### Exercise
Beneath this sentence is a listing. Return its lines from the one containing "A formação 4-3-1-2" through the last, exactly, and omit the pictures.

### Supplied data
▼

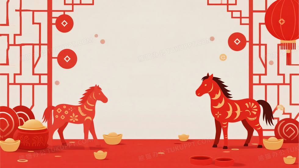 本作品内容为中国新年红色剪纸马喜庆背景, 格式为 jpg, 大小4 MB, 图片尺寸为3328 x 1872, 作品中背景图片无需修改, 源文件无水印,可以直接使用, 欢迎使用熊猫办公。 如认为平台内容涉嫌侵权,可通过邮件:tousu@tukuppt.com提出书面通知,我们将及时处理。
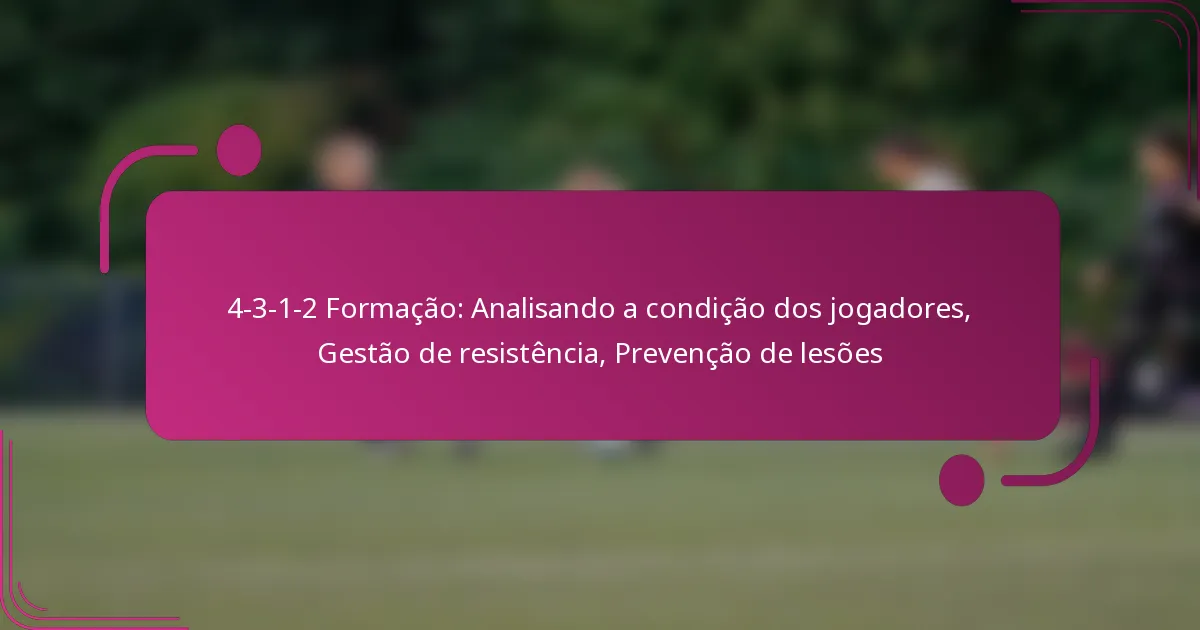 A formação 4-3-1-2 é uma configuração tática no futebol que enfatiza o controlo do meio-campo e uma abordagem equilibrada entre defesa e ataque. Para prosperar nesta formação, os jogadores devem focar na condição física, gestão da resistência e prevenção de lesões, garantindo que conseguem atender às exigências dos papéis ofensivos e defensivos de forma eficaz.
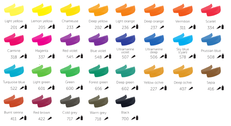 Paleta kolorów obejmuje 46 przezroczystych i rozcieńczalnych w wodzie kolorów oraz dodatkowo 2 kolory nieprzezroczyste, biały i złoty - wszystkie te kolory można mieszać z pisakami.

▲

### Solution
 A formação 4-3-1-2 é uma configuração tática no futebol que enfatiza o controlo do meio-campo e uma abordagem equilibrada entre defesa e ataque. Para prosperar nesta formação, os jogadores devem focar na condição física, gestão da resistência e prevenção de lesões, garantindo que conseguem atender às exigências dos papéis ofensivos e defensivos de forma eficaz.
 Paleta kolorów obejmuje 46 przezroczystych i rozcieńczalnych w wodzie kolorów oraz dodatkowo 2 kolory nieprzezroczyste, biały i złoty - wszystkie te kolory można mieszać z pisakami.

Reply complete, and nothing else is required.